_ACTIVITY_.
With the first line below as the start and the line containing "(2) Dimensions —" as the end, copy every line between them exactly, ends included.
══ TASK INPUT
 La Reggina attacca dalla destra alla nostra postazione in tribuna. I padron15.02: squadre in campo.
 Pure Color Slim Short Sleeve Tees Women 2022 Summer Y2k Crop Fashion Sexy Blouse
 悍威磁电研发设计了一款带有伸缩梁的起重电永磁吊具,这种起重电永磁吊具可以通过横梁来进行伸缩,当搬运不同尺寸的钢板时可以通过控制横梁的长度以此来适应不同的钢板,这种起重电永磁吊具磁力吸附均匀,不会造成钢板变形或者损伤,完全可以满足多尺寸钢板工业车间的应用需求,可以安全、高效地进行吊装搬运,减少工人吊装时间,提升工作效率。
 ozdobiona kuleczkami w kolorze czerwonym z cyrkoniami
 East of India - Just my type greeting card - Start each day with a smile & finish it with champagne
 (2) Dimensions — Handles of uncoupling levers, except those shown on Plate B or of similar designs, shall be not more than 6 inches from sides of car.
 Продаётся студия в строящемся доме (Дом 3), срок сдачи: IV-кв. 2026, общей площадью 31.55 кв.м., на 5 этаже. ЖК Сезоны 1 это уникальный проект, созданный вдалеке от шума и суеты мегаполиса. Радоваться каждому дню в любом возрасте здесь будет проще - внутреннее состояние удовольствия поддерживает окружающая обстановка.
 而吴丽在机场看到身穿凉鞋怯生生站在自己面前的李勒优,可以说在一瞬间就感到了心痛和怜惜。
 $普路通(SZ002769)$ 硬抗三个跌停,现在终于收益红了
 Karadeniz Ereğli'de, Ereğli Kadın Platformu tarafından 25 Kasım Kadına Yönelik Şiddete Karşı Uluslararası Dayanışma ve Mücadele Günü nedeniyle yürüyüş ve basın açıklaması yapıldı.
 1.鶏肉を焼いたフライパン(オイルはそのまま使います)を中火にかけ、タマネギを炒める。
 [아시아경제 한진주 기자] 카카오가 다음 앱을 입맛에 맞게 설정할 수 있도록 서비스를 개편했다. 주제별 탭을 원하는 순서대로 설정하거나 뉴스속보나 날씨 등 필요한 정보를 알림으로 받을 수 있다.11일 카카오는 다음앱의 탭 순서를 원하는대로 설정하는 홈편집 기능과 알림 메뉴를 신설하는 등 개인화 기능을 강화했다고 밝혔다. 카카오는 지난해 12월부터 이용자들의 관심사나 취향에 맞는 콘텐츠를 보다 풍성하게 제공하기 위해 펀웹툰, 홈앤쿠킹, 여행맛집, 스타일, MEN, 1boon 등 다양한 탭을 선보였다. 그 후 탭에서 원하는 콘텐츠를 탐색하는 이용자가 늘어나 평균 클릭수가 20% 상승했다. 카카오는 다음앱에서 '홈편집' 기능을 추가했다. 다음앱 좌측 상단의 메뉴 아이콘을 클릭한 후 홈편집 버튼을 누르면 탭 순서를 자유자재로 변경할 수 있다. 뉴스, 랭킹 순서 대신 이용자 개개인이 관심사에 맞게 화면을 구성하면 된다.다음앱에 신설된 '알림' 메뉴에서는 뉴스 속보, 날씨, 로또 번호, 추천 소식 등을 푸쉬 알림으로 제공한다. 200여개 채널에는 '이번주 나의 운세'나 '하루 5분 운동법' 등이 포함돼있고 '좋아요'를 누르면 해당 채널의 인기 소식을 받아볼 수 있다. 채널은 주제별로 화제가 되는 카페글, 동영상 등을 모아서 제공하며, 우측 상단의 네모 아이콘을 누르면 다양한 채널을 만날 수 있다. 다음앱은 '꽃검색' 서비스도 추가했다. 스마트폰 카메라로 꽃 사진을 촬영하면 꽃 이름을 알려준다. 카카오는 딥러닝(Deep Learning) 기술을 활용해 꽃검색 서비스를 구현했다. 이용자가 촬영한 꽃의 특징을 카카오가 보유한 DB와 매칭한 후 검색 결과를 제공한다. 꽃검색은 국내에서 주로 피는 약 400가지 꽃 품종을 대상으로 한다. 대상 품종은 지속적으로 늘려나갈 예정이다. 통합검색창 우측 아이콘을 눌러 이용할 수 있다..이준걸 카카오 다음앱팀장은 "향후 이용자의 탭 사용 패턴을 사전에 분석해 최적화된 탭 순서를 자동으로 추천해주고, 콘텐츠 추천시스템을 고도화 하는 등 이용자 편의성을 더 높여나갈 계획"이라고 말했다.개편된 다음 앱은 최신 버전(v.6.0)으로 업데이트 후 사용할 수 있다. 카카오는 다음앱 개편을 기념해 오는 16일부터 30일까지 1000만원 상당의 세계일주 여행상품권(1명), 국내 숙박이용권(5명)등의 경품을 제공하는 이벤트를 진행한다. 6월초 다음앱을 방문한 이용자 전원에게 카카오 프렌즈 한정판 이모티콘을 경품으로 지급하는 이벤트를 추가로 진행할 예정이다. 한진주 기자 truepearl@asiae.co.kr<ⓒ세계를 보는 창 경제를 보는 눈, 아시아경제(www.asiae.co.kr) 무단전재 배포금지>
════
_RESPONSE FOR THIS EXERCISE_.
 La Reggina attacca dalla destra alla nostra postazione in tribuna. I padron15.02: squadre in campo.
 Pure Color Slim Short Sleeve Tees Women 2022 Summer Y2k Crop Fashion Sexy Blouse
 悍威磁电研发设计了一款带有伸缩梁的起重电永磁吊具,这种起重电永磁吊具可以通过横梁来进行伸缩,当搬运不同尺寸的钢板时可以通过控制横梁的长度以此来适应不同的钢板,这种起重电永磁吊具磁力吸附均匀,不会造成钢板变形或者损伤,完全可以满足多尺寸钢板工业车间的应用需求,可以安全、高效地进行吊装搬运,减少工人吊装时间,提升工作效率。
 ozdobiona kuleczkami w kolorze czerwonym z cyrkoniami
 East of India - Just my type greeting card - Start each day with a smile & finish it with champagne
 (2) Dimensions — Handles of uncoupling levers, except those shown on Plate B or of similar designs, shall be not more than 6 inches from sides of car.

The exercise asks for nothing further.